Federal court | Immigration and Citizenship | Admission | Application for temporary resident or immigrant visa
Husband and wife applicants were citizens of Albania, and two daughters were citizens of United States. Senior immigration officer denied applicants’ application for permanent residence on humanitarian and compassionate grounds. Applicants applied for judicial review. Application granted. Issue was not degree to which applicants had become established, but whether degree of establishment they achieved was such that if required to leave Canada they would experience unusual, undeserved or disproportionate hardship other than hardship normally associated with departure. When officer said that established was what would be expected she meant that applicants’ circumstances were ordinary and there was nothing that would meet hardship test, and that aspect of decision was reasonable.
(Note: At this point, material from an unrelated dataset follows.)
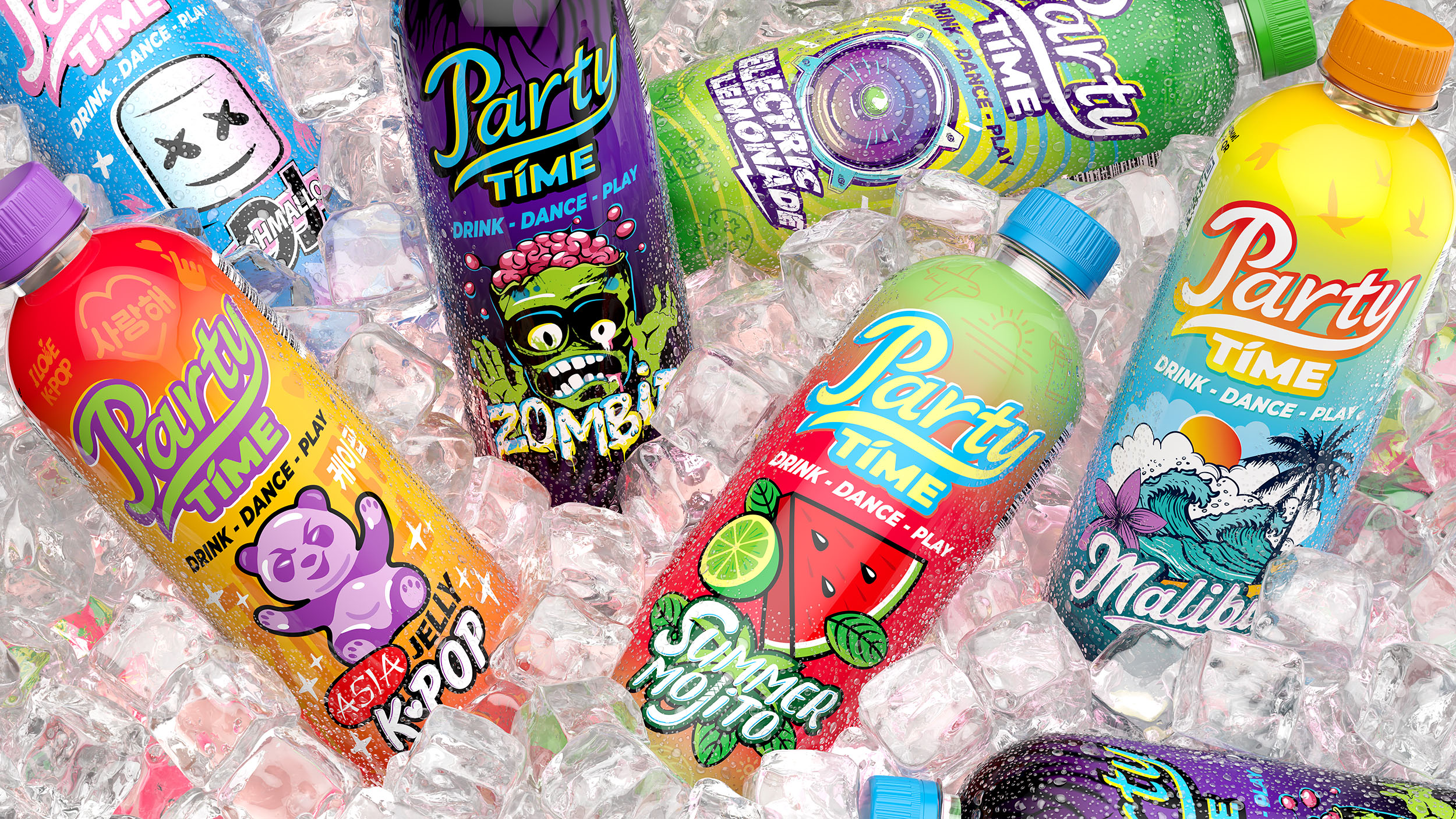 Команда CUBA Branding и один из лидеров по производству безалкогольных напитков в России Компания Росинка представляет новинку 2025 года — линейку лимонадов Party Time, разработанную специально для ценителей ярких вкусов и незабываемых моментов! Освежающие напитки Party Time станут идеальным акцентом на любом мероприятии — будь то дружеская вечеринка, семейный пикник или просто момент, когда хочется добавить ярких красок в повседневность. Линейка представлена шестью уникальными вкусами: Asia Jelly K-Pop, Summer Mojito, DJ Marshmallow, Zombie, Electric Lemonade и Malibu.

However, officer’s analysis of best interests of minor daughter was unreasonable because it was unrealistic. Officer had no basis for speculation that daughter spoke Albanian, and it was unreasonable to find daughter to be resilient and able to cope with move from Canada to Albania based on prior move from Michigan to Ontario, as moves were not comparable. It was not reasonable for officer to conclude that Canadian teenagers would take time necessary to maintain friendships with daughter when they were not likely to see her again. It was unreasonable for officer to conclude that best interests of daughter were only impacted in negative manner if her well-being would be in jeopardy in Albania or if she faced impossible feat adapting to life in Albania. Humanitarian and compassionate application was to be reconsidered by another officer.
Shtjefhilaj v. Canada (Minister of Citizenship and Immigration) (2017), 2017 CarswellNat 987, 2017 FC 340, Sandra J. Simpson J. (F.C.).